April 5, 2010 at 5:32 am
David: Its amazing how you place air with a total different conception. If you write a book about it I would definitely recommend people to read it!
May 4, 2010 at 8:54 pm
This isnt much of an attempt to move beyond neo-materialism. You suggest nothing in its place here. Your argument against vectors seems to be ‘its been done before.’ Also, Deleuzian neo-materialism has an intensely social/subjective basis [he draws heavily on social theory/ anthropology in his work with Guattari for instance]. This is just a silly article, it mentions names and movements, but argues nothing of any substance. It sounds like the potential of an interesting argument.
I am loving the Territory Issue of AD, however. Excellent work there.
May 5, 2010 at 4:59 pm
Dear Dan:
I appreciate the criticism; but this is far from silly. And, yes, it’s a bit difficult to completely think past a movement in a 500 word article.
Like Subnature, the ARCADE piece is an argument for the historical and the stagnant versus the emergent and animate.

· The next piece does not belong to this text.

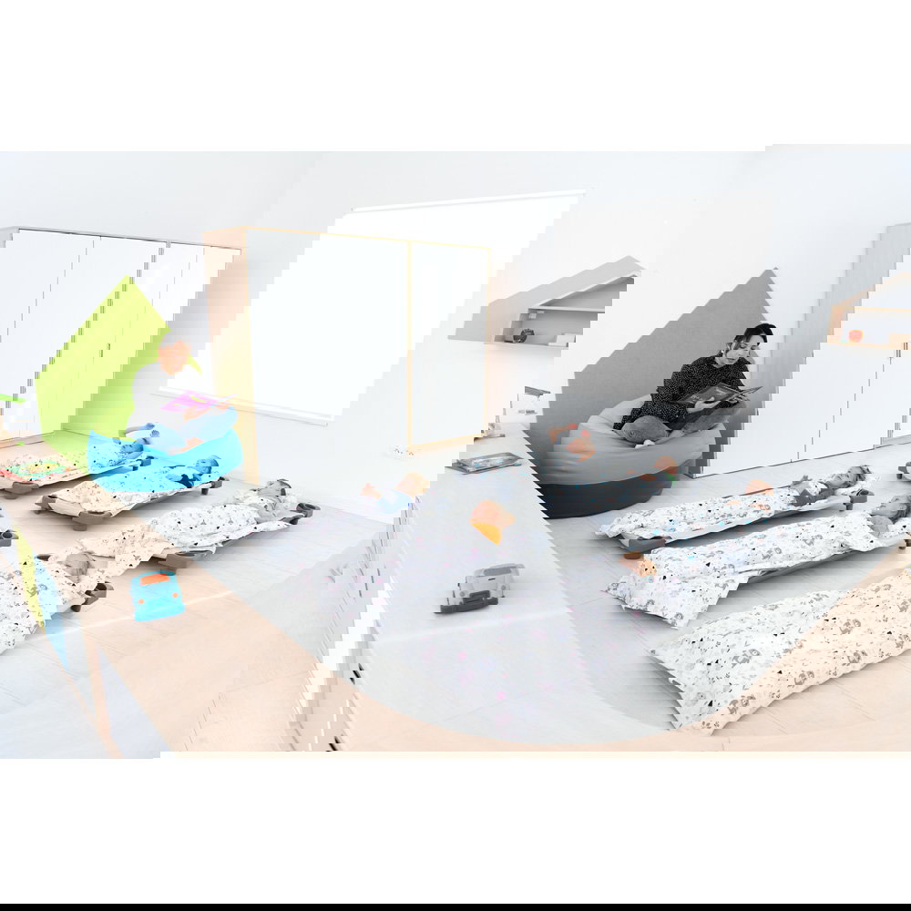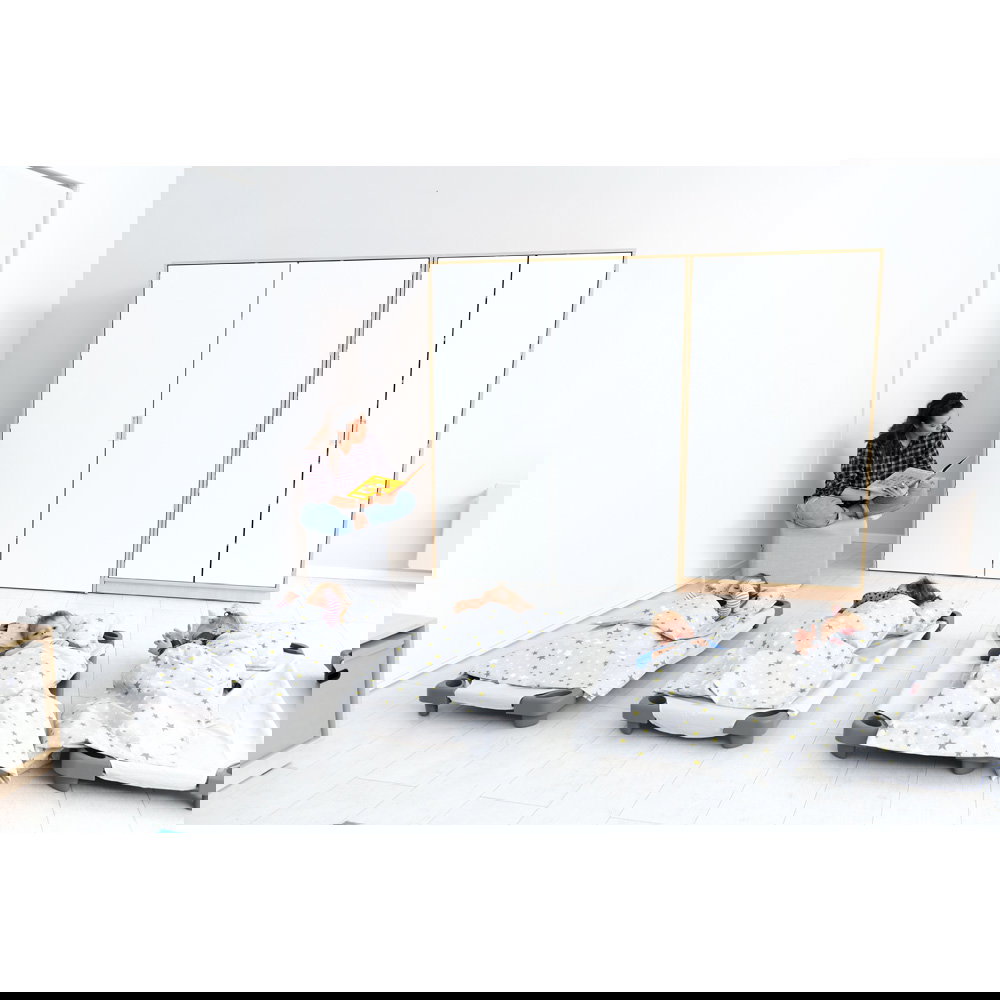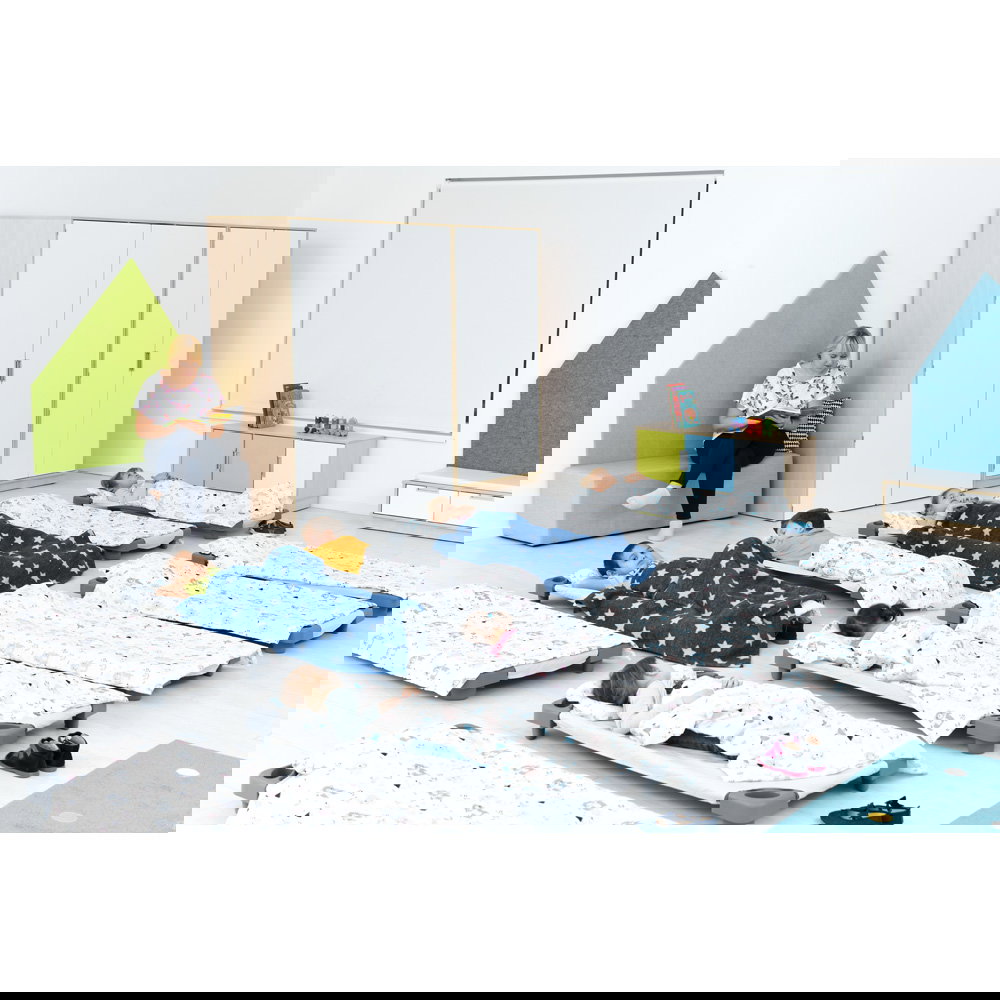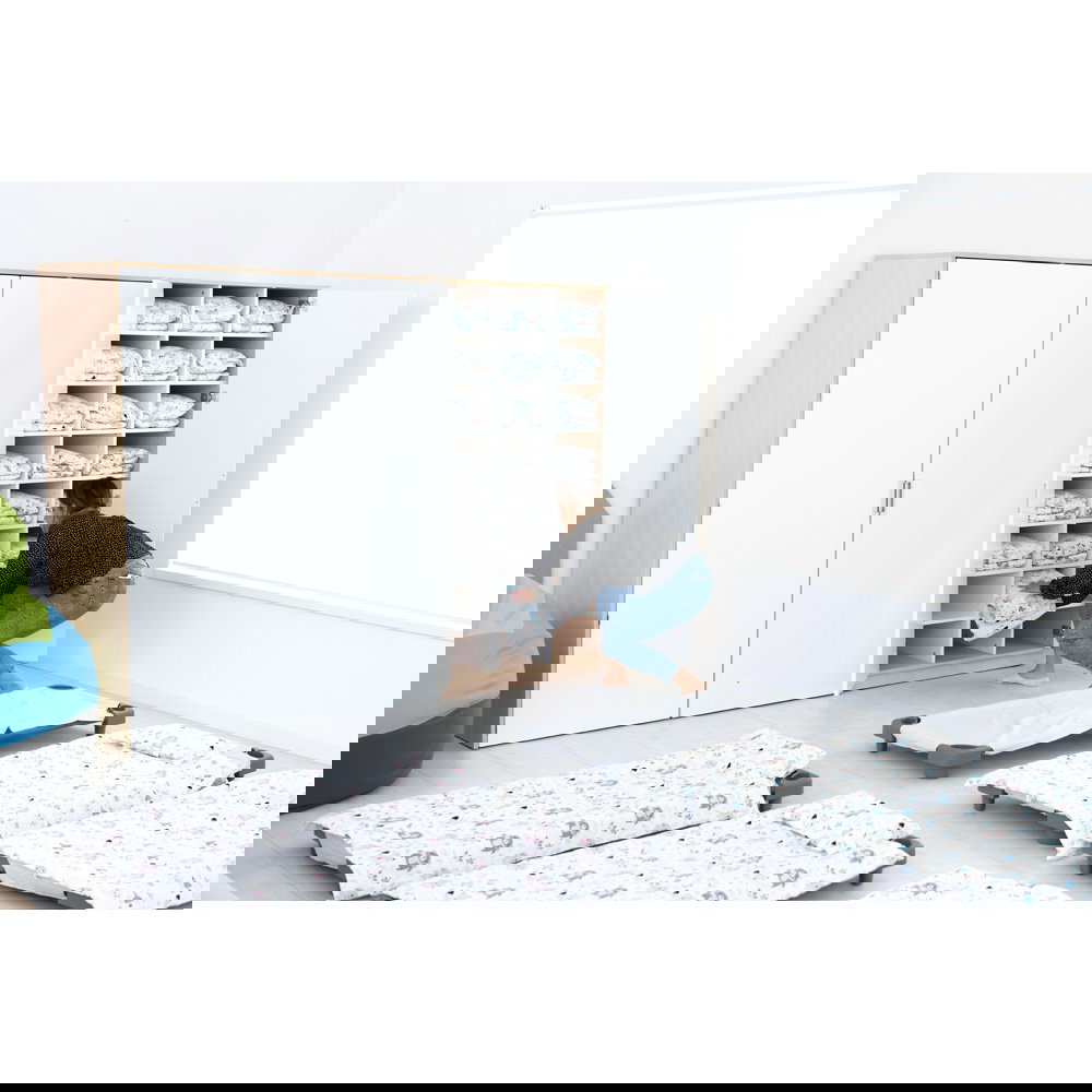 Der größte Vorteil dieses Systems ist seine unschlagbare Effizienz. Statt jedes Bett einzeln zu verstauen, fahren Sie den gesamten Stapel von 24 Betten auf dem passenden Transportwagen (separat bestellbar) einfach in den dafür vorgesehenen Schrank. Das Ein- und Ausräumen dauert nur noch wenige Augenblicke. So gewinnen Sie wertvolle Zeit, die Sie direkt den Kindern widmen können. - Komplettlösung für Betten und Wäsche

The Arcade piece simply argues that the animate and emergent have their representation in architecture/nature interactions in the vector – the quivering life world of an ever becoming present of difference. The historical and stagnant (which draws from Benjamin’s Theses on History) have not been as well visualized, if at all – maybe Rossi in the early 1970s? They cannot be incorporated into a total process of becoming, for example.
My views are not compatible with a strictly Nietzcshe-ian view of history, which means that this does not fit well into dominant realizations of D&G’s thought in architecture. But I would say that I am interested in how historical self-reflection can recode notions of the subject/society interaction in ways that draws from the latter’s work. I tried to play that out in Subnature.
Thanks for reading Territory. I am very happy with the intro and afterword.